Re: Disallow cancellation of waiting for synchronous replication

From: Andrey Borodin <x4mmm(at)yandex-team(dot)ru>
To: Robert Haas <robertmhaas(at)gmail(dot)com>
Cc: Maksim Milyutin <milyutinma(at)gmail(dot)com>, PostgreSQL Hackers <pgsql-hackers(at)lists(dot)postgresql(dot)org>
Subject: Re: Disallow cancellation of waiting for synchronous replication
Date: 2020-01-02 17:26:16
Views: Raw Message | Whole Thread | Download mbox | Resend email
Lists: pgsql-hackers

> 2 янв. 2020 г., в 19:13, Robert Haas <robertmhaas(at)gmail(dot)com> написал(а):
> On Sun, Dec 29, 2019 at 4:13 AM Andrey Borodin <x4mmm(at)yandex-team(dot)ru> wrote:
>> Not loosing data - is a nice property of the database either.
> Sure, but there's more than one way to fix that problem, as I pointed
> out in my first response.
Sorry, it took some more reading iterations of your message for me to understand the problem you are writing about.

You proposed two solutions:
1. Client analyze warning an understand that data is not actually committed. This, as you pointed out, does not solve the problem: data is lost for another client, who never saw the warning.
Actually, "client" is a stateless number of connections unable to communicate with each other by any means beside database. They cannot share information about not committed transactions (they would need a database, thus chicken and the egg problem).

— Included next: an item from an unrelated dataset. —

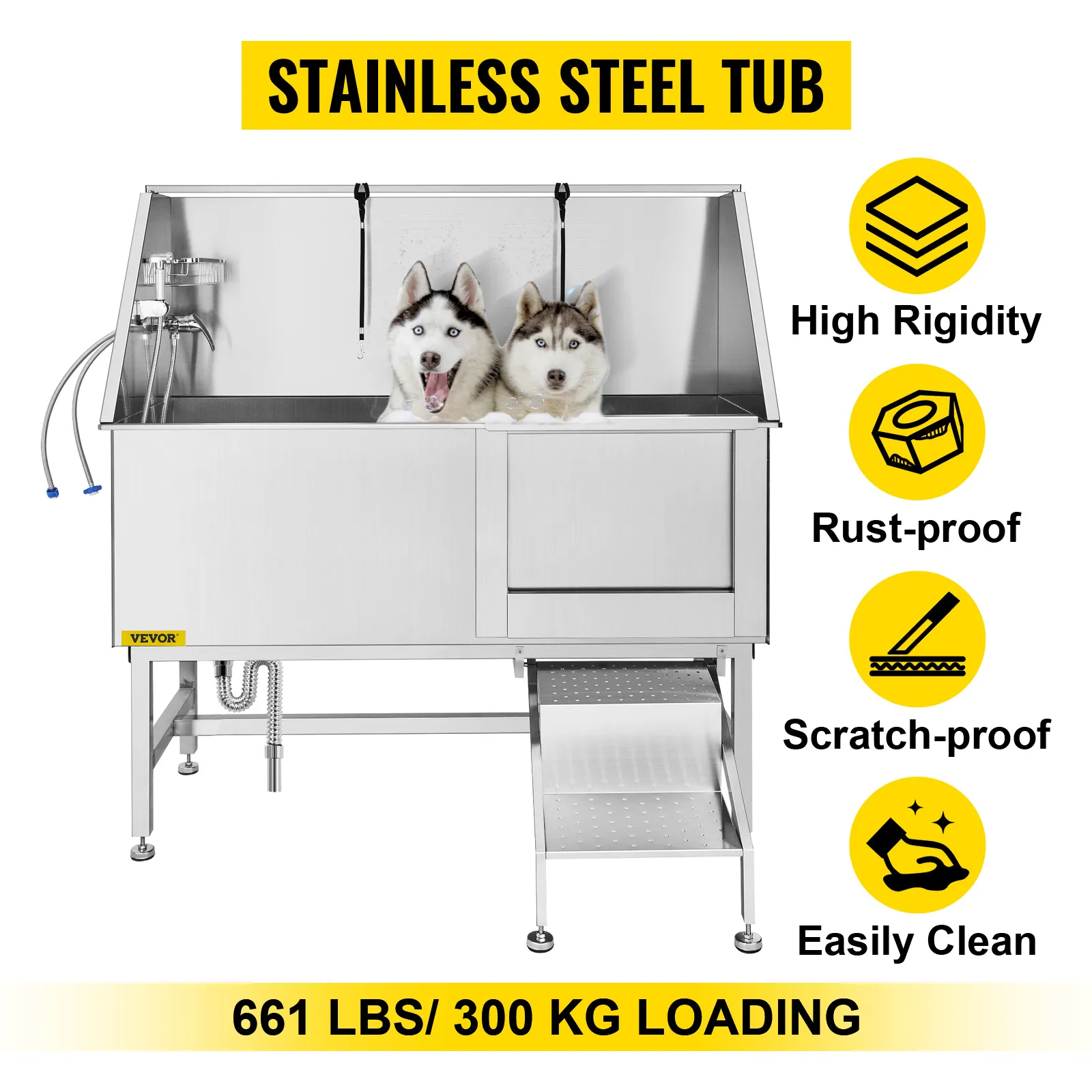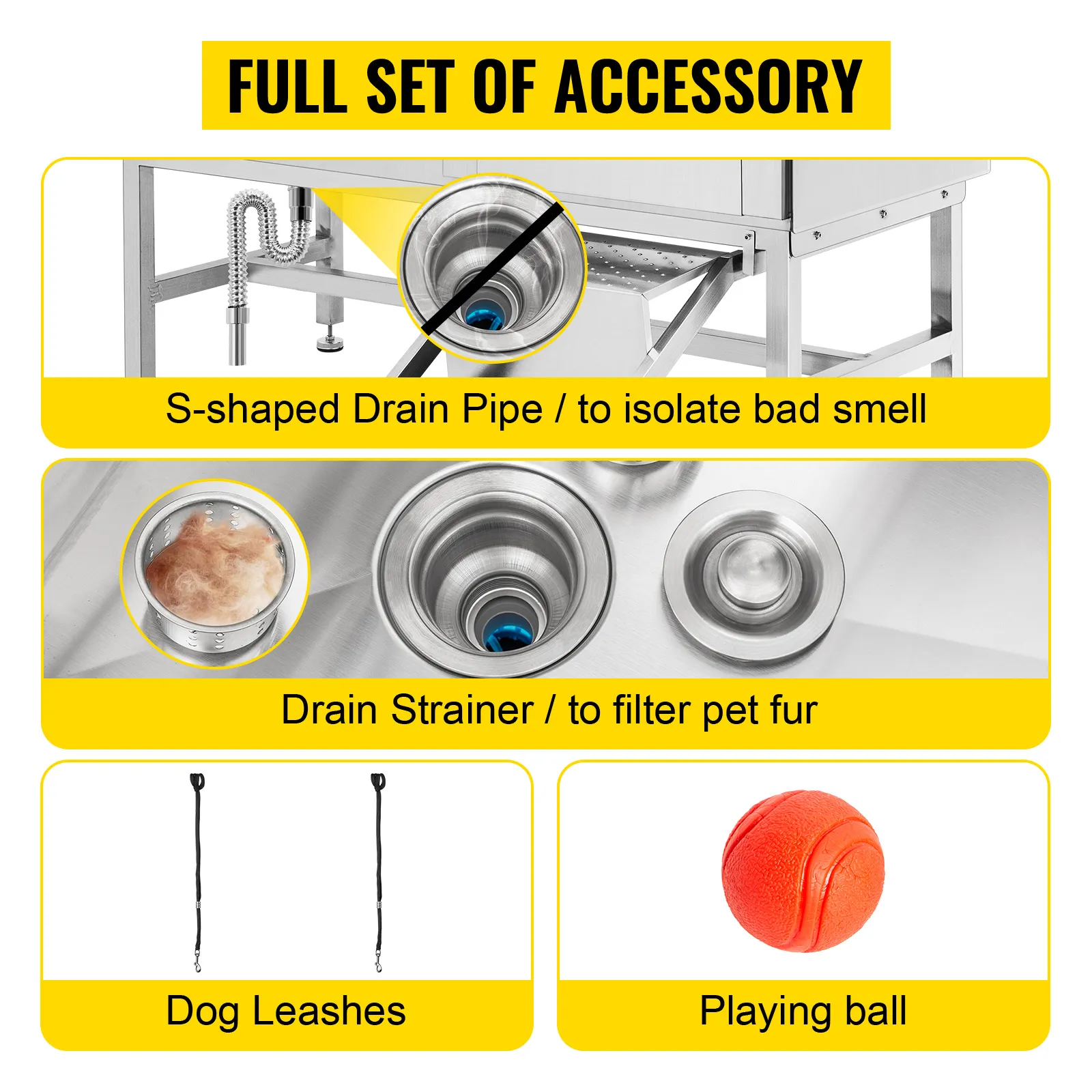 Considerando questi fattori, la nostra vasca da toelettatura professionale VEVOR è dotata di tutti gli accessori necessari per poter lavare il tuo cane senza difficoltà. Metti le mani su questa vasca da bagno per animali domestici e pulisci piacevolmente il tuo cane.

2. Add another message "CANCEL --force" to stop synchronous replication for specific backend.
We already have a way to stop synchronous replication "alter system set synchronous_standby_names to ''; select pg_reload_conf();". This will stop it for every backend, but "CANCEL --force" will be more picky.
User still can loose data when they issue idempotent query based on data, committed by "CANCEL --force". Moreover, user can loose data if his upsert is based on data committed by someone else with "set synchronous_commit to off".
We could fix upserts: make them wait for replication even if nothing was changed, but this will not cover the case when user is doing SELECT and decides not to insert anything.
We can fix SELECT: if user asks for synchronous_commit=remote_write - give him snapshot no newer than synchronously committed data. ISTM this would solve all above problems, but I do not see implications of this approach. We should add all XIDs to XIP if their commit LSN > sync rep LSN. But I'm not sure all other transactional mechanics will be OK with this.

From practical point of view - when all writing queries use same synchronous_commit level - easiest solution is to just disallow cancel of sync replication. In psql we can just reset connection on second CTRL+C. That's more generic than "CANCEL --force".

When all queries runs with same synchronous_commit there is no point in protocol message for canceling sync rep for single connection. Just drop that connection. Ignoring cancel is the only way to satisfy synchronous_commit level, which is constant for transaction.
When queries run in various synchronous_commit - things are much more complicated. Adding protocol message to change synchronous_commit for running queries does not seems to be a viable option.

> I continue to think that the root cause of this issue is that we can't
> distinguish between cancelling the query and cancelling the sync rep
> wait.
Yes, it is. But canceling sync rep wait exists already. Just change synchronous_stanby_names. Canceling sync rep for one client - is, effectively, changing synchronous commit level for running transaction. It opens a way for way more difficult complications.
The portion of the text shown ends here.